Il cibo come diritto: la sfida che i Comuni non possono più rimandare

di Antonio Bruno

A Melpignano, piccolo centro del Salento, hanno fatto una scelta che dovrebbe scuotere tutta l’Italia: inserire nello Statuto comunale il diritto al cibo sano, sostenibile ed equo. Non un gesto folcloristico, non l’ennesima celebrazione gastronomica. Qui si parla di politica vera.

Il cibo non è solo nutrimento, ma salute, ambiente, dignità. È identità collettiva. È diritto. Eppure troppo spesso lo riduciamo a bene di consumo, lasciato in balìa delle logiche di mercato.
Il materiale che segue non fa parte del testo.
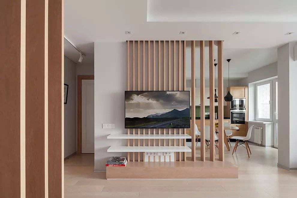На фото – перегородка в виде ширмы между кухней и гостиной.

Melpignano ci ricorda che non è così: il cibo è un bene comune, da proteggere e governare.

Ora la domanda è inevitabile: cosa aspettano gli altri Comuni? Perché non trasformare in regola ciò che altrove è già realtà? Non si tratta di mode o di “politiche alternative”: si tratta di mettere al centro la vita quotidiana dei cittadini. Dalle mense scolastiche a km zero, ai mercati equi che sostengono i produttori locali, fino all’educazione alimentare nelle scuole. Un’idea semplice ma rivoluzionaria: costruire comunità a partire dal cibo.

E non parliamo solo d’Italia. In molte parti del mondo il cibo è diventato arma di guerra: basta guardare alla Striscia di Gaza, dove i bambini muoiono di fame più che di bombe. Portare il diritto al cibo dentro le istituzioni significa anche questo: dire che la pace passa dal pane.

Cari sindaci, il tempo delle parole è finito. Il diritto al cibo non è un’utopia, ma un’urgenza. E chi amministra un territorio non può girarsi dall’altra parte. Melpignano ha acceso la miccia. Ora tocca a voi far scoppiare il cambiamento.

«Il pane non è merce: è diritto. I Comuni abbiano il coraggio di dirlo.»


  • Cibo come diritto e cittadinanza: il cibo non è solo nutrimento o bene di consumo, ma un diritto fondamentale da garantire.

  • Governance del cibo: il cibo diventa strumento di organizzazione e gestione territoriale, legato a salute, ambiente, socialità e cura del territorio.

  • Cibo come valore fondante della comunità: l’alimentazione corretta e sostenibile entra nello Statuto comunale come principio cardine.

  • Superamento della logica di mercato: il diritto al cibo non può essere lasciato esclusivamente alle dinamiche economiche, ma deve essere tutelato dalle istituzioni.

  • Partecipazione e comunità: la creazione di una “Comunità del cibo” come rete tra cittadini, produttori, associazioni e istituzioni.

  • Educazione e sensibilizzazione: il cibo come leva per la formazione culturale e civica (mense scolastiche a km 0, percorsi educativi, master universitari).

  • Sviluppo sostenibile: promozione di filiere etiche e di qualità, con attenzione al rispetto delle risorse naturali.

  • Cibo come bene universale: un approccio che lega il locale al globale, ponendo il cibo come strumento di pace e di diritti umani.

  • Responsabilità degli enti locali: i piccoli comuni come attori protagonisti nell’elaborare politiche alimentari innovative.

  • Cibo come cultura e identità: valorizzazione delle pratiche locali e costruzione di modelli che rafforzano il legame tra territorio, tradizioni e futuro.